Project Due Date: March 6
Project Status: I am just starting

Microbial Fuel Cell

Post by Cortnerj »

We are doing your microbial fuel cell project but are a little uncertain about how to make the final connection between the wires from cathose to anode. Just twist them together? What about putting an LED between... could we expect to see it light when we've achieved some level of activity?
Thanks
Craig_Bridge
Former Expert
Posts: 1297
Joined: Mon Oct 16, 2006 11:47 am

Re: Microbial Fuel Cell

Post by Craig_Bridge »

You can twist them together using a wire nut. You could use some jumper clip leads to hook them together. Anything that will make a good reliable connection.

An LED is another alternative that might work. Without knowing the electrical properties of the state of your specific MFC at any given time, it would be difficult to predict how an LED would behave and what current limiting resistance it should have.

LED's have a maximum forward current rating and a forward voltage drop. Some of them have an internal current limiting resistor. If your MFC operating state ever reaches an operating point where it is supplying more current than the maximum forward current rating of your LED at the LED's forward voltage drop, you will burn up the LED device (one without a current limiting resistor).
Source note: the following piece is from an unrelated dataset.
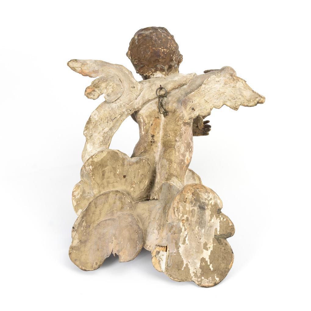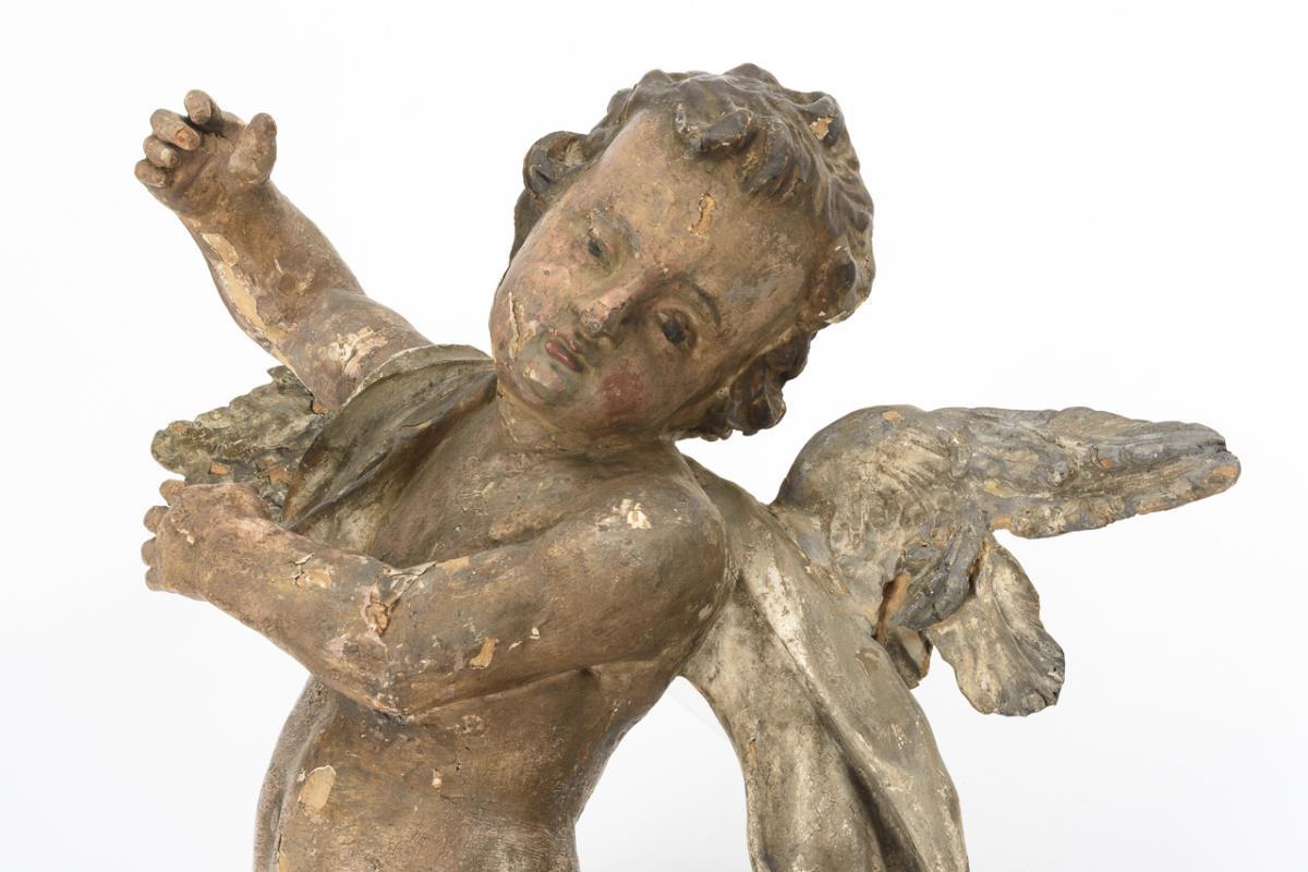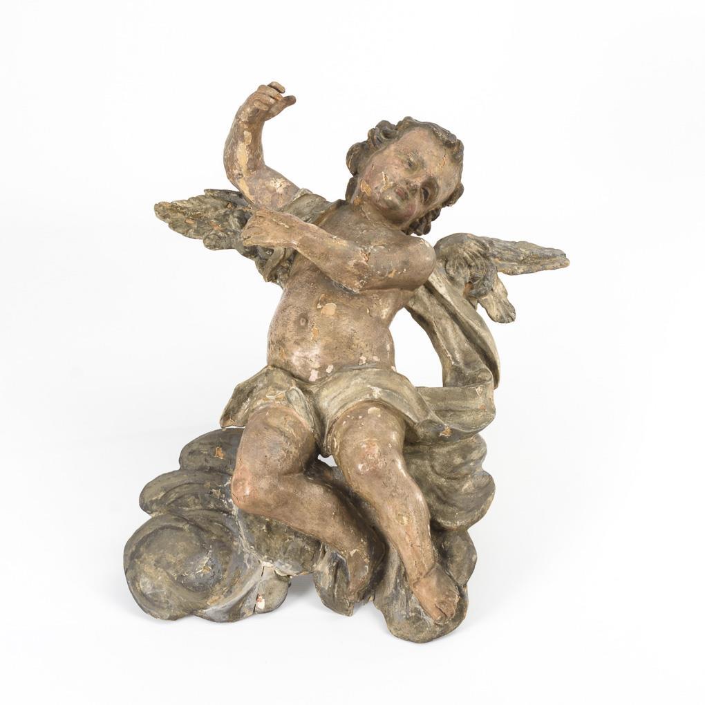 Über den Wolken schwebender Putto, der etwas in den Händen hielt. Starke Alters-/Gebrauchsspuren, kleines Fehlstück und gelockertes Stück an den Wolken.

If your MFC open circuit operating voltage is always less than the LED's forward voltage drop, the LED will never light. If your MFC never produces enough current to illuminate the LED at the LED's forward voltage drop, the LED will never light.

I would start by just shorting the wires together except when you want to make electrical measurements with your DVM. I would use a DC current scale to measure the current flow (and you could leave the meter attached in this mode if you only are testing one MFC at a time). You should also measure the open circuit voltage occassionally; however, you shouldn't stay in that measurement mode for more than a minute at a time. The MFC operation requires current to flow between the chambers or it can get into a non-functional state in terms of electro/chemical behaviors and being able to produce curent.

To characterize the electrical operating state of the MFC at any point in time, you need to take the open circuit voltage and the short circuit current measurements close together and then either short the leads or leave the DVM in place measuring DC current.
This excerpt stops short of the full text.